4.4 KiB
California Climate Investments (CCI) Analysis
A data analysis project examining collaboration patterns in California's climate funding programs and their impact on greenhouse gas (GHG) reduction efficiency and equity outcomes — particularly in disadvantaged communities (DACs).
Overview
This project analyzes the California Climate Investments dataset to answer questions like:
- How does multi-agency collaboration affect program effectiveness?
- What are the regional variations in climate investment patterns?
- How do EV voucher/rebate programs (CARB) compare to other programs?
- Where do GHG efficiency and equity goals align or conflict?
- How have collaboration and funding patterns changed over time?
The dataset covers 146,305 projects across 21 agencies and 39 programs, representing $11.59 billion in total funding and 112.7 million metric tons of GHG reductions.
Project Structure
california-equity-git/
├── run_cci_analysis.py # Main entry point — orchestrates full workflow
├── cci_analyzer.py # CCIDataAnalyzer class (data loading/cleaning)
├── cci_collaboration_analysis.py # Collaboration pattern analysis
├── research_analysis_script.py # Research question analysis
├── regional_analysis_script.py # Regional distribution analysis
├── collaboration_detection_script.py # Collaboration pattern detection
├── data_cleaning_script.py # Data cleaning utilities
├── 01_analyzer.ipynb # Interactive Jupyter notebook
│
├── data/
│ └── cci_programs_data_reduced.csv # Processed dataset (~40MB)
├── data_raw/
│ └── cci_programs_data.csv # Original CCI dataset (~242MB)
│
├── california_enviroscreen/ # CalEnviroScreen 4.0 data (geodatabase + shapefiles)

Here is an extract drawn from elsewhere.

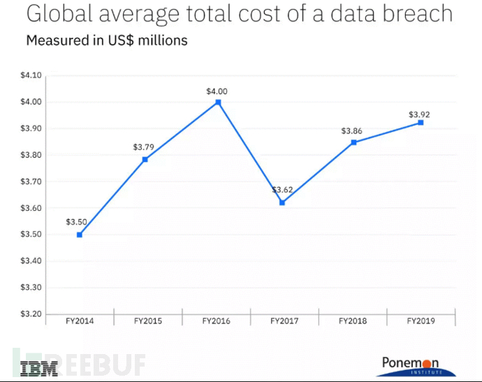 这些数据是根据Ponemon和IBM共同发布的第14份年度数据泄露成本报告得出的。这份报告对16个国家和地区以及17个行业部门的507家组织在2018年7月至2019年4月发生的数据泄露事件及其影响进行了调研。报告指出,从长期来看,数据泄露的平均总成本持续上升:过去五年,数据泄露事件的平均总成本增长了12%,高于2014年350万美元的平均值。

├── assembly_district_shapefile/ # CA State Assembly Districts 2020 shapefiles
│
└── output/ # Generated analysis outputs and visualizations
Tech Stack
- Python 3.12+
- pandas / numpy — data manipulation
- matplotlib / seaborn — visualization
- geopandas / shapely / pyproj — geospatial analysis
- scipy — statistical testing
- scikit-learn — data preprocessing
Setup
# Clone the repo
git clone <repo-url>
cd california-equity-git
# Create and activate a virtual environment
python3 -m venv .venv
source .venv/bin/activate
# Install dependencies
pip install pandas numpy matplotlib seaborn geopandas shapely pyproj scipy scikit-learn
Usage
Run the full analysis pipeline:
python run_cci_analysis.py --data_path data/cci_programs_data_reduced.csv --output_dir output
Optional flags:
| Flag | Description |
|---|---|
--skip_cleaning |
Skip data cleaning step (use pre-cleaned data) |
--skip_analysis |
Skip collaboration analysis step |
--skip_research |
Skip research question analysis |
Pipeline stages:
- Data cleaning — standardizes columns, parses dates, extracts coordinates, calculates derived metrics
- Collaboration analysis — identifies multi-agency programs and collaboration patterns
- Research analysis — answers core research questions with statistical tests and visualizations
Output files (charts, CSVs, summaries) are written to the --output_dir directory.
Data
Primary Dataset
- Source: California Climate Investments Open Data Portal
- File:
data_raw/cci_programs_data.csv(242MB) /data/cci_programs_data_reduced.csv(40MB processed)
Supplementary Data
- CalEnviroScreen 4.0 — used to identify and score disadvantaged communities (DACs)
- CA State Assembly Districts 2020 — shapefiles for regional geographic analysis
Note: Large raw data files and shapefiles are tracked with Git LFS.
Key Findings (from data summary)
| Metric | Value |
|---|---|
| Total projects | 146,305 |
| Total funding | $11.59 billion |
| GHG reductions | 112.7 million metric tons |
| CARB projects | 125,581 (85.8%) |
| EV voucher projects | 109,270 (74.7%) |
| Median GHG efficiency | $312.5 / metric ton |
| Avg. DAC benefit multiplier | 1.3x |
License
This project is for research and educational purposes. The underlying CCI data is publicly available from the California Air Resources Board.